■ The input:
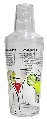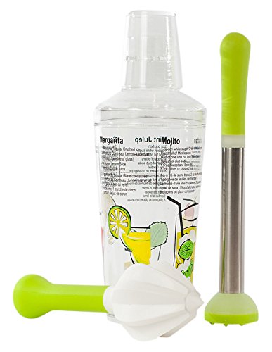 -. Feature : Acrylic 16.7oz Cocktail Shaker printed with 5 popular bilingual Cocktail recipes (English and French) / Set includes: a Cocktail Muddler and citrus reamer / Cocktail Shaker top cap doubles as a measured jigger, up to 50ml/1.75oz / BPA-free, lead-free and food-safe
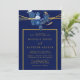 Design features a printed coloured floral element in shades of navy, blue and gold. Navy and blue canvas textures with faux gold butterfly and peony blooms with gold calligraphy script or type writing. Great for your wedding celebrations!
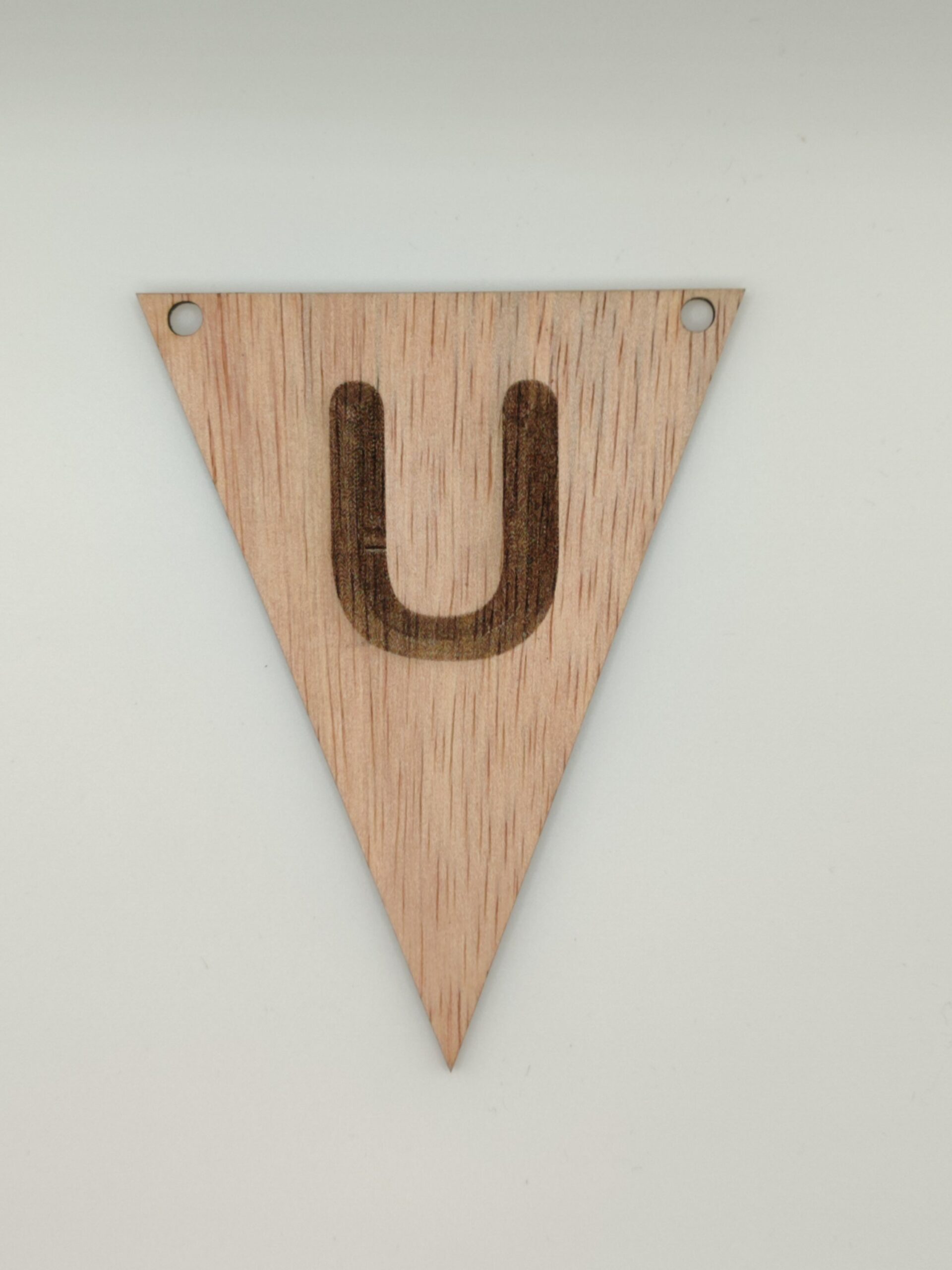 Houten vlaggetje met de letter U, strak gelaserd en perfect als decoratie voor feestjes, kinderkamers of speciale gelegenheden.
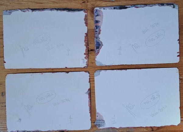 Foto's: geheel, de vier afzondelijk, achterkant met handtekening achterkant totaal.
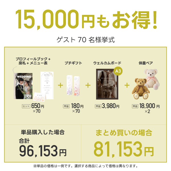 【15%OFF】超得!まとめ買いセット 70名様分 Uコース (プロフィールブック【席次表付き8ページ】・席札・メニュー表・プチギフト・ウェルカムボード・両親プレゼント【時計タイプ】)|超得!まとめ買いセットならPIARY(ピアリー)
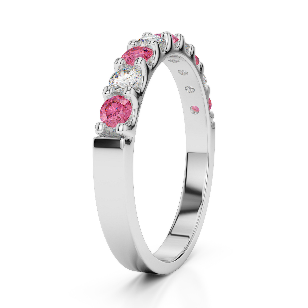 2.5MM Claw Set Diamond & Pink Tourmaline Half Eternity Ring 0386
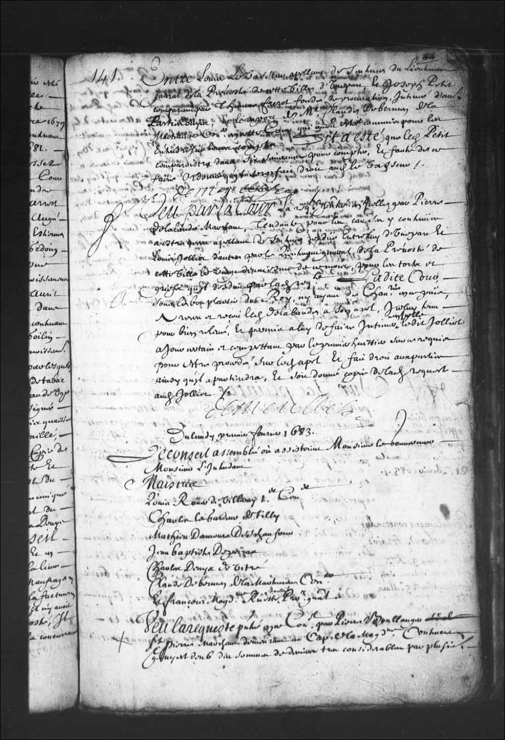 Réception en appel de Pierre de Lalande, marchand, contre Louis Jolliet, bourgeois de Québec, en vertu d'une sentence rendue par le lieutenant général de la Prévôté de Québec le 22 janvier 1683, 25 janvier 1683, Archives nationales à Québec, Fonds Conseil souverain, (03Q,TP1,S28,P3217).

* * *

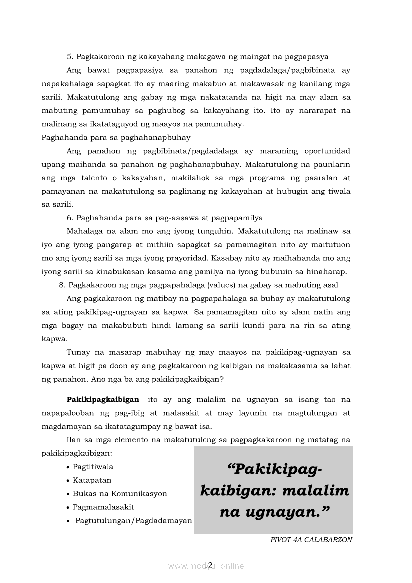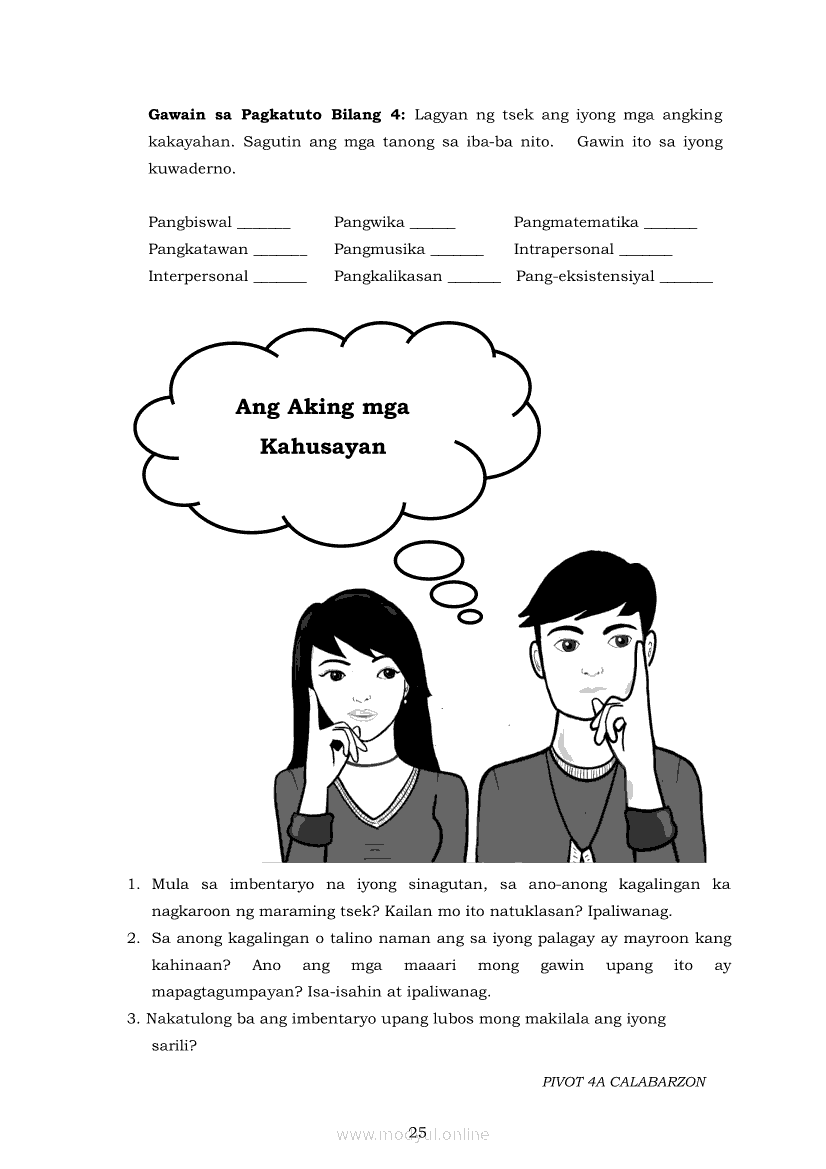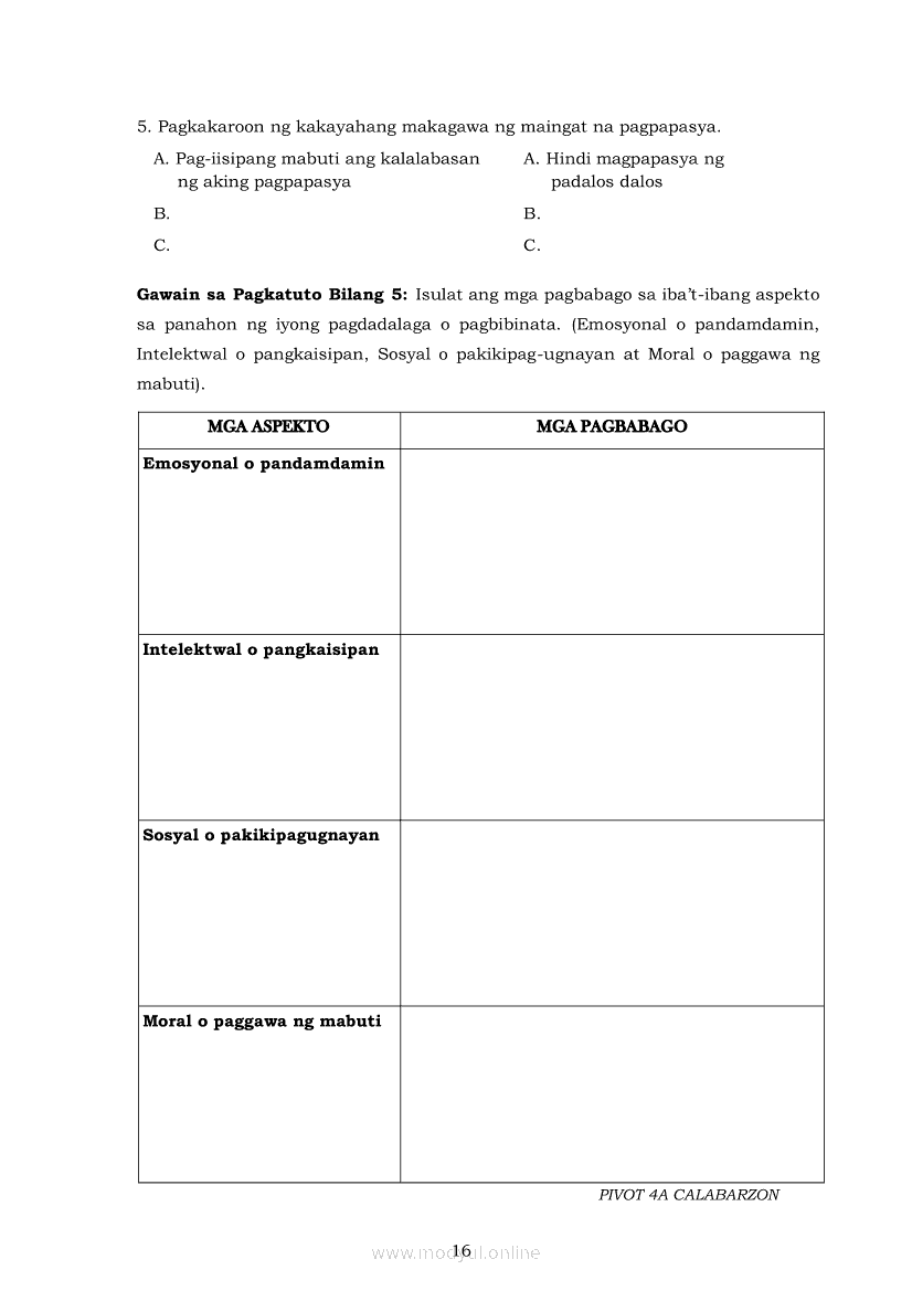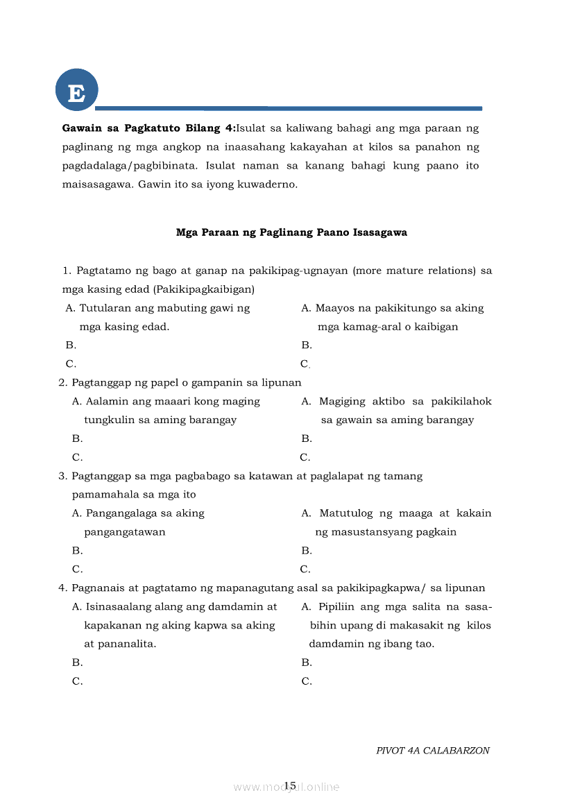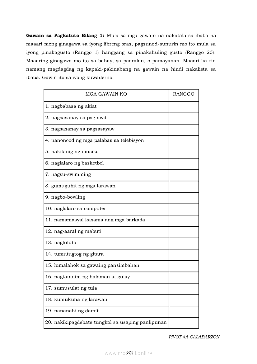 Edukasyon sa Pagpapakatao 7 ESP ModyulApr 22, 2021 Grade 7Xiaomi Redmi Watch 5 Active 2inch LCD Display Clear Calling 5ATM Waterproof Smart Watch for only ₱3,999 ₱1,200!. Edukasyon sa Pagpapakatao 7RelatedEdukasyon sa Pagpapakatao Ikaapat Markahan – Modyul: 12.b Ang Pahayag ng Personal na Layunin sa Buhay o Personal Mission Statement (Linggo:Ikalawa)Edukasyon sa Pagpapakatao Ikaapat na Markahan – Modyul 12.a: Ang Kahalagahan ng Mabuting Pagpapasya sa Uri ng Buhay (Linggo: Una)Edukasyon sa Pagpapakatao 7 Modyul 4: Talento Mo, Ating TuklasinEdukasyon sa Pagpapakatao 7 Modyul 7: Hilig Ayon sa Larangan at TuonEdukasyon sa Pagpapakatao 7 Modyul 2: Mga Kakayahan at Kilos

■ What is expected: Copy the lines above exactly, starting with the line that contains "2.5MM Claw Set" and ending with the line that contains "Réception en appel", and leave out any pictures.

■ Reply:
 2.5MM Claw Set Diamond & Pink Tourmaline Half Eternity Ring 0386
 Réception en appel de Pierre de Lalande, marchand, contre Louis Jolliet, bourgeois de Québec, en vertu d'une sentence rendue par le lieutenant général de la Prévôté de Québec le 22 janvier 1683, 25 janvier 1683, Archives nationales à Québec, Fonds Conseil souverain, (03Q,TP1,S28,P3217).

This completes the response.